Rate the additional features applicable to your engine
We asked participants to consider the following:
- Web services, monitoring, security applications, etc.
- How complex of a task was it to implement these features?
0% – Poor
100% – Excellent
- Corepoint 92%
- Ensemble 84%
- Rhapsody 82%
- Cloverleaf 80%
- Mirth 72%
Expand to read user comments
Corepoint
- Mobile monitoring/troubleshooting (i.e. cycling interfaces) is a god send.
- We’ve developed complex monitoring and alerting capabilities for our interfaces using Corepoint’s highly customizable alerting framework. In addition to the standard error and queue depth, alert logging, and email notifications, we have some interfaces trigger connection restarts and even e-mail peer vendors’ technical support services upon connectivity loss. All were fairly straightforward to implement and easily managed.

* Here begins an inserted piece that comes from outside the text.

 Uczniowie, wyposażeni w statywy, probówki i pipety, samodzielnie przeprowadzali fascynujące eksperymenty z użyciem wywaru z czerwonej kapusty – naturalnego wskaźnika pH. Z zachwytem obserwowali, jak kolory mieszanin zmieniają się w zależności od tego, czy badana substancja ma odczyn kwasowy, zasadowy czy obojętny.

- Monitoring is very easy. Can set up alerts based on connectivity, queue size, etc. as well as errors.
Cloverleaf
- I hear that there are modules that make this process better, but the core engine isn’t the best at monitoring, alerts, etc.
- Quite frankly, we don’t. We create our own. Too expensive. We have looked at these options in the past, but the salespeople don’t understand our needs and are just trying to make a big sale. This is certainly an area of weakness.

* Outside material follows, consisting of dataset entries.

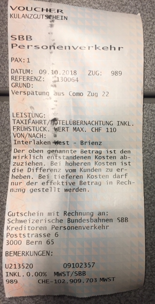 Ich mache mir bereits Gedanken darüber, welches Taxiunternehmen aus Brienz ich bestellen soll. Dem Zugchef ist mein Reisewunsch bereits bekannt, er hat mich erwartet. Seine Kollegin übergibt mir einen Gutschein mit den notwendigen Angaben inklusive Zugnummer und Grund für meine Reiseplanänderungen.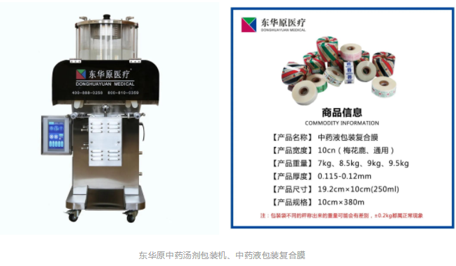 東華原中藥湯劑包裝機(jī)自動(dòng)包裝、根據(jù)處方醫(yī)囑50-250ml無級變量可調(diào)包裝。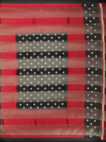 Black and White Abstract Printed Design Chiffon Saree with Contrast Maroon Border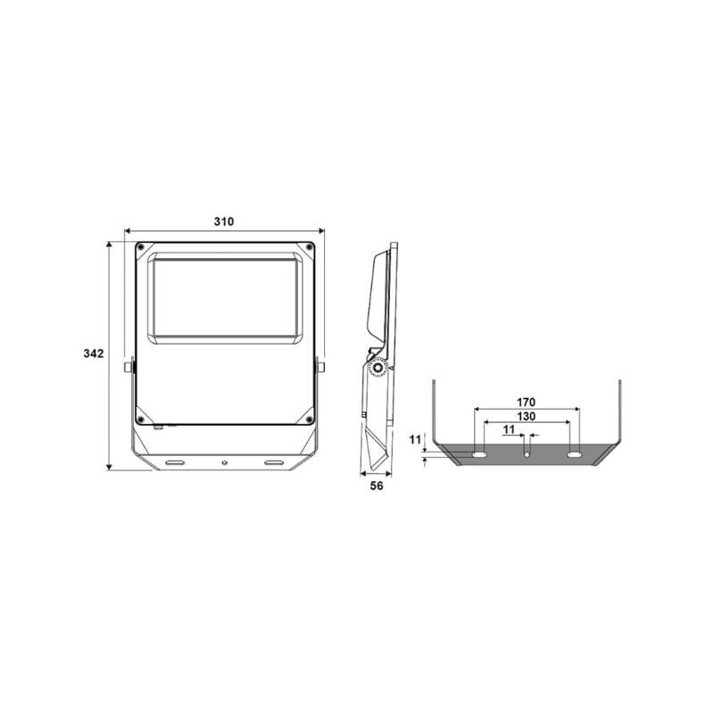 Technical data: Floodlight | 25W/37.5W/50W | 100×60° | 3-CCT | light sensor

- Expensive and there is a learning curve to implement.
Rhapsody
- There are still configurations that you need to learn, but much easier than trying to build something outside of the tool.
- Web services support is very good for SOAP web services. The monitoring of multiple instances needs to be added.
- Complexity varies according to the task, but is mostly due to the complexity of the underlying service rather than the engine’s implementation of it.
- Not difficult, and simpler with these features all in the tool rather than various utilities and applications.
Mirth
- The Mirth interface seems fairly vanilla in terms of additional features.
- Web services are easy, monitoring and security are very hard.
- The open source platform allows for a more robust set of features that are constantly being adding to and approved upon.
Ensemble
- All of these items are doable, but each one comes with their own challenge. Calling web services as a client is rather easy, but setting up a web service server is difficult if the vendor requires us to tweak it for them. Monitoring is great, but if you want to create a role that has limited access it is always possible, but requires you to go very granular.
- Monitoring of interfaces is a crude process of building out additional interfaces and routing messages from each component monitored. It SHOULD be integrated into the software such that a list of ALL interfaces display, giving a choice for monitoring multiple errors and then can be turned on/off at will with a click. Still much to be desired in the monitoring of interfaces. This one thing could be the number two thing currently needing improvement. The ability to build mapping tables is number one. I have not dealt with building/using web services. The security seems adequate.
- The stuff we have done has not been an issue.